Marin General Hospital (“Hospital”) contended that its representative spoke to a representative of Medical Benefits Administrators of M.D. Inc. (“Medical Benefits”) on April 8, 2004 to confirm that a prospective patient had health insurance through a plan provided by his employer, Modesto & Empire Traction Co., and administered by Medical Benefits.  The Hospital contended that the Medical Benefits representative verbally verified the patient’s coverage, authorized treatment, and agreed to cover ninety-percent of the patient’s medical expenses. The Hospital sued Medical Benefits and Modesto & Empire in state court and the defendants successfully removed the case to the U.S. District Court for the Northern District of California, claiming that ERISA completely preempted the claims. The district court subsequently dismissed the Hospital’s complaint, concluding that the only remedy available was under ERISA § 502(a)(1)(B).

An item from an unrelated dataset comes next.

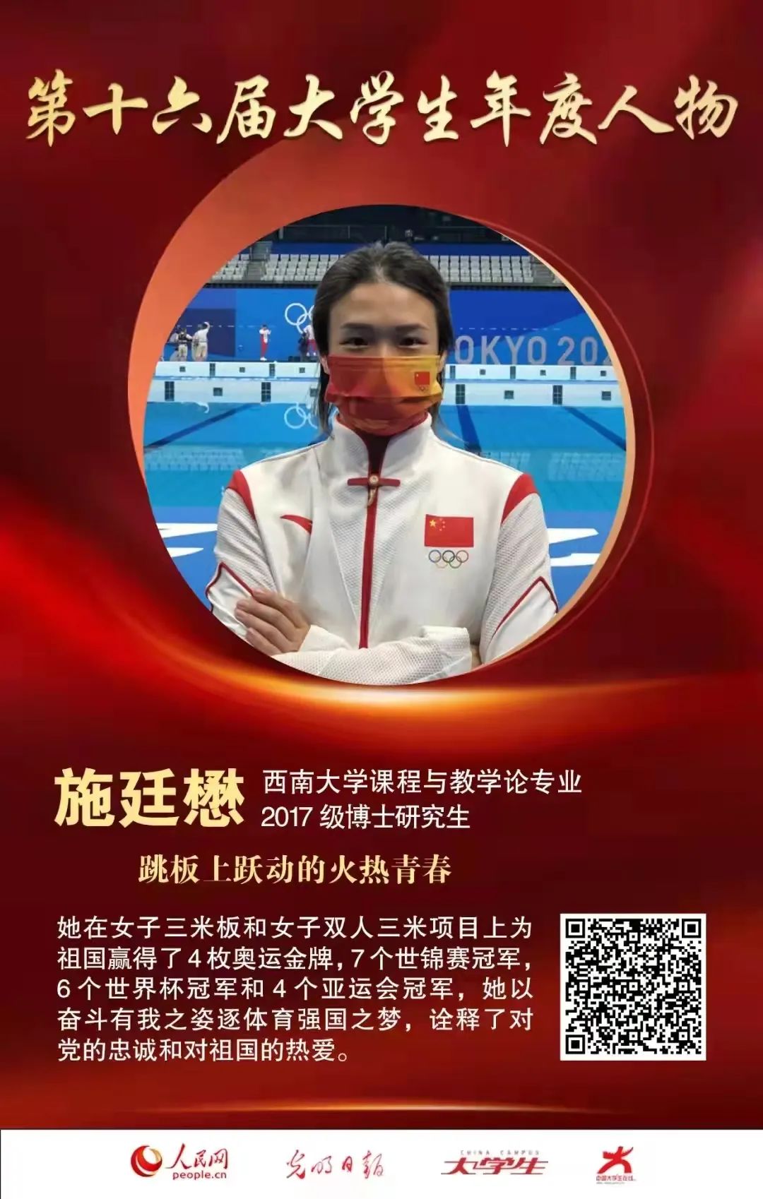 施廷懋,女,中共党员,1991年出生于重庆市渝中区,2010年考入学校运动训练专业,本科毕业后,继续在学校攻读硕士和博士研究生,现为课程与教学论专业2017级全日制博士研究生。施廷懋作为中国女子跳水队运动员,截止目前在女子三米板和女子双人三米项目上赢得4枚奥运金牌,7个世锦赛冠军,6个世界杯冠军和4个亚运会冠军。
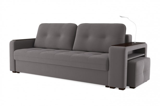 Sofa SMART – modern comfort in every detail. The pantograph transformation mechanism allows you to easily and conveniently unfold the sofa into a comfortable sleeping place. Wide armrests with pads can be used as a shelf or table. Included with the sofa is a wide ottoman that can be tucked away compactly under the armrest.

The Ninth Circuit first found the parties “have not clearly understood the difference between complete preemption under ERISA § 502(a), 29 U.S.C. § 1132(a), and conflict preemption under ERISA § 514(a), 29 U.S.C. § 1144(a).” Complete preemption under § 502(a) is a jurisdictional doctrine. A party seeking removal based on federal question jurisdiction must show either that the state-law causes of action are completely preempted by § 502(a) of ERISA, or that some other basis exists.

The court then explained that removal was only proper if the Hospital’s state law claims were completely preempted under section 502(a)(1)(B) of ERISA. It then examined whether the claims asserted by the Hospital were completely preempted by ERISA, concluding that they were not. In reaching this conclusion, the Ninth Circuit clarified a distinction between complete preemption under section 502(a) and conflict preemption under section 514(a). Citing to Franciscan Skemp Healthcare, Inc. v. Central States Joint Board Health & Welfare Trust Fund, 538 F.3d 594, 596 (7th Cir. 2008), the Ninth Circuit explained that complete preemption under section 502(a) is “really a jurisdictional rather than a preemption doctrine, [as it] confers exclusive federal jurisdiction in certain instances where Congress intended the scope of a federal law to be so broad as to entirely replace any state-law claims.” In contrast, the “rule is that a defense of federal preemption of state-law claims, even conflict preemption under section 514(a) of ERISA, is an insufficient basis for original federal question jurisdiction.”

Relying on Aetna Health Inc. v. Davila, 542 U.S. 200, 210 (2004), the Ninth Circuit explained that a state-law cause of action is completely preempted by section 502(a)(1)(B) if: (1) “an individual, at some point in time, could have brought [the] claim under ERISA section 502(a)(1)(B);” and (2) “where there is no other independent legal duty that is implicated by a defendant’s actions.” Based on this conjunctive two-prong test, the Ninth Circuit concluded that the Hospital’s state-law claims were not pre-empted.